Colin Dobson is a taxi driver who lives in Abingdon.

THERE is a question on the taxi drivers knowledge test for Oxford City Council which asks where in the city The Bate Collection is located.

You would be given a blank map and asked to mark on it the names of a number of roads and a number of well known institutions within the city.

Indeed, on its website, the city council helpfully provides a list of roads, colleges and other locations which you are to learn in advance.

Here in the Vale, many of us licensed to drive taxis have never sat a knowledge test at all, as this was introduced relatively recently and generally, changes in regulation are not applied retrospectively.
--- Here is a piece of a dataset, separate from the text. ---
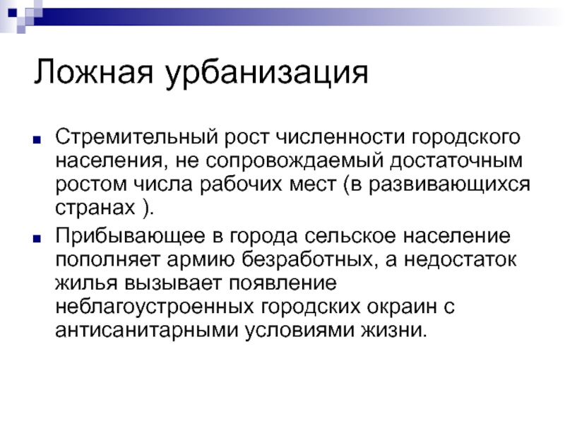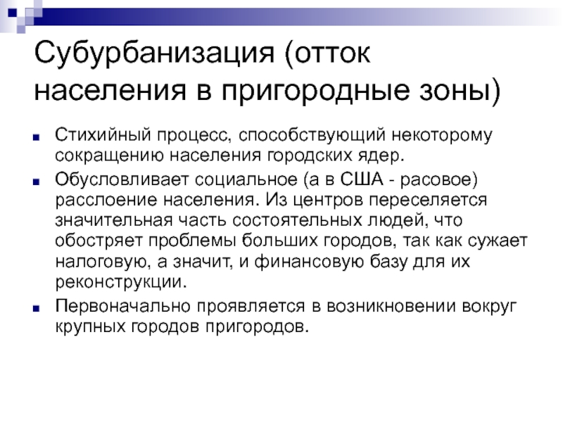 обострение социальных проблем (рост преступности, концентрация маргинальных групп населения).

Day and night taxi driving are two different jobs altogether, due ostensibly to the effects of excessive consumption of alcohol by some passengers. So, the night knowledge test might include such venues as Abingdon’s late opening pubs and restaurants.
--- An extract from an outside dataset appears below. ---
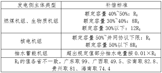 表1 南方區(qū)域電網(wǎng)不同類型機(jī)組參與深度調(diào)峰補(bǔ)償標(biāo)準(zhǔn)

Whereas the day test ought to include such venues as schools and doctors’ surgeries.

In a city where so much land is given over to both universities and their associated institutions, it is always a pleasure when the annual Oxford Open Doors event comes around and there is an opportunity to see inside some of the buildings closed to the public.

Many of these buildings are exemplars of the highest standards of both modern and older architecture, seamlessly blended within the same location.
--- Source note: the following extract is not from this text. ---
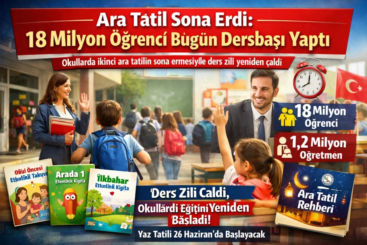 Ara tatilin ardından ülke genelinde tüm okullarda eğitim öğretim kaldığı yerden devam ederken, 2025-2026 eğitim öğretim yılı ikinci dönemi 26 Haziran’da sona erecek.

So it was recently, I eschewed house work on my day off and went after church, not having booked, but hoping to talk my way into Pusey House, Oxford, which shares a site in St Giles' with St Cross College, one of the newer graduate colleges of the university. Many times I have parked my taxi outside, in the county council’s exorbitantly priced on street parking spaces, for a brisk walk past the building, through the city centre and memories of my Oxford childhood.

“Good afternoon, sir,” I addressed the porter in his lodge, asking his permission to wait for the start of a tour, which was full of beautiful architecture and historical curiosity, in a way that only Oxford can do well. Temple Moore’s Chapel of the Resurrection at Pusey House lucidly exemplifies the entire concept of the event, taller on the inside than the outside, sunken below ground level.

It is a glorious building, which raises the spirits on entering, from an almost gloomy Gothic corridor.

And The Bate Collection? It is located on Saint Aldates.